Abstract

The present article describes the building of a small-molecule web server, CBPDdb, employing R-shiny. For the generation of the web server, three compounds were chosen, namely coumarin, benzothiazole and pyrazole, and their derivatives were curated from the literature. The two-dimensional (2D) structures were drawn using ChemDraw, and the .sdf file was created employing Discovery Studio Visualizer v2017. These compounds were read on the R-shiny app using ChemmineR, and the dataframe consisting of a total of 1146 compounds was generated and manipulated employing the dplyr package. The web server is provided with JSME 2D sketcher. The descriptors of the compounds are obtained using propOB with a filter. The users can download the filtered data in the .csv and .sdf formats, and the entire dataset of a compound can be downloaded in .sdf format. This web server facilitates the researchers to screen plausible inhibitors for different diseases. Additionally, the method used in building the web server can be adapted for developing other small-molecule databases (web servers) in RStudio.

Database URL:https://srampogu.shinyapps.io/CBPDdb_Revised/

Introduction

Computer-aided drug design (CADD) has been instrumental in retrieving plausible inhibitors for a given target for the past three decades (1). This method allows quick screening of compounds at a very low cost (2–4). This CADD is accomplished either by structure-based drug design (SBDD) (5) or by ligand-based drug design (LBDD) (4).

In the SBDD, the presence of the resolved three-dimensional (3D) structure and its inbound ligand (small molecule) plays an important role (5). The interactions between the target and the ligand are critical in understanding the probable binding mode (6, 7) and important residues that might bring out the biological activity. An approach that demonstrates the association between the structure of a compound and its physicochemical properties that determine the biological activity of a compound is called the LBDD (8). The selection of the potential inhibitors is done either by mapping the compounds to a pharmacophore model and molecular docking (9–12) or directly by molecular docking (13). This process can be termed as screening or virtual screening. In 1997, the term virtual screening was first used in the literature (14) and is ‘defined as a set of computational methods that analyses large databases or collections of compounds in order to identify potential hit candidates’ (15). Generally, the search for the compounds is performed using the chemical libraries (16–19). Usually, the compounds are additionally filtered based on their drug-like properties in order to find favour during the development process.

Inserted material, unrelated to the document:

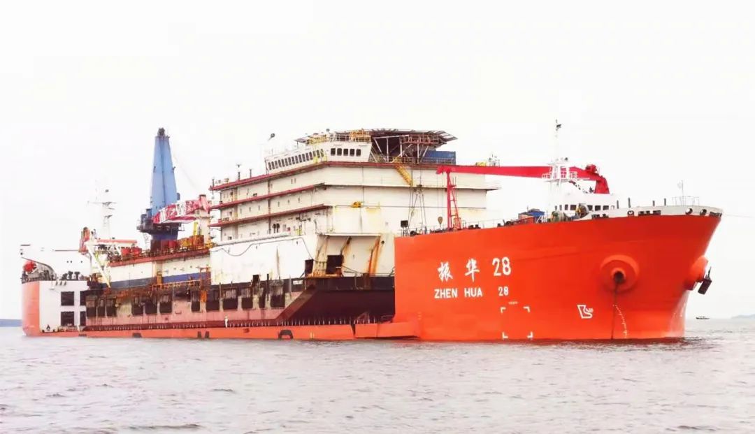 7月3日,“振华28”轮在新加坡锚地顺利完成铺管船浮装作业。

A detailed account of different web servers embedded with small molecules is given in a study (14), while another web server provides information on different natural compounds with anticancer activity (20). However, a database with compound derivatives of coumarin, benzothiazole and pyrazole has not yet been built. Therefore, in the current study, we have built a web server of Coumarin–Benzothiazole–Pyrazole Derivatives Database (CBPDdb), with derivatives of coumarin, benzothiazole and pyrazole that have demonstrated biological activity towards various diseases.

Materials and methods

Collection of the compounds

In this study, three compounds, namely coumarin, benzothiazole and pyrazole, were selected to search for derivatives in the literature. These compounds were specifically chosen as there are an increasing number of experiments available on the biological activities of these derivatives. These compounds have demonstrated varied biological activities and therapeutic applications. We aim to provide the researchers in the field of CADD with most of the compounds with biological activities that would help them discover novel compounds for different diseases.

Specifically, the compounds that have shown biological activity was selected. The derivatives were collected by giving ‘compound names and their derivatives’, ‘compound name + synthesis’, ‘compound name + biological activity’ as the key words in PubMed, NCBI (https://pubmed.ncbi.nlm.nih.gov/), Google Scholar and Google.

The polyphenolic compounds coumarin (2H-1-benzopyran-2-one) are a group of oxygenated, colourless, crystalline compounds. These compounds were initially isolated from Dipteryx odorata Willd. (Fabaceae) in 1820 by Vogel. This plant is commonly called Coumarou (21, 22). Structurally, this compound is made up of a fused benzene ring and α-pyrone ring (23).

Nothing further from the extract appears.